Let $(X_t)_{t \ge 0}$ be a finite irreducible and aperiodic Markov chain with state space $\Omega$, transition matrix $P$ and stationary distribution $\pi$. Let $\| \cdot \|$ denote the total variation distance and define
$c(t)=\max_{x \in \Omega}\|{1 \over t}\sum_{s=0}^{t-1}P_x^s - \pi\|$
$d(t)=\max_{x \in \Omega}\|P_x^t-\pi\|$
Suppose $t_m$ is the mixing time according to the Cesaro metric $c(t)$, and $s_m$ the mixing time according to the total variation distance $d(t)$. Show $t_m({1 \over 4}) \le 6s_m({1 \over 8})$, where $t_m(\epsilon)$ implies $c(t_m(\epsilon)) \le \epsilon$.

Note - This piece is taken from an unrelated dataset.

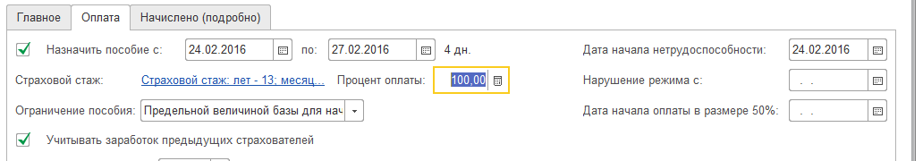 Особенности учета стажа. Процент оплаты больничного (для листков-продолжений копируется из первичного листка нетрудоспособности), а также порядок расчета максимального размера пособия по временной нетрудоспособности (ограничение) определяются автоматически в зависимости от причины нетрудоспособности, даты начала нетрудоспособности и зарегистрированного в информационной базе страхового стажа сотрудника. Стаж вносится в табличную часть "Сведения о стажах" в карточке сотрудника (физического лица) (см. Личные данные сотрудников).

I've learn many results that touch this problem, but I can't link them together to do the proof. I know we can define $p(t)=\max_{x,y \in \Omega}\|P_x^t-P_y^t\|$ and that $d(t) \le p(t)$. Also, $p(kt) \le p(t)^k$. Coupling can be used to bound total variation distance. But I don't see a coupling that will be usefull here.
This is exercise 10.12 from Markov Chains and Mixing Times, 2009, Levin, Perez, Wilmer.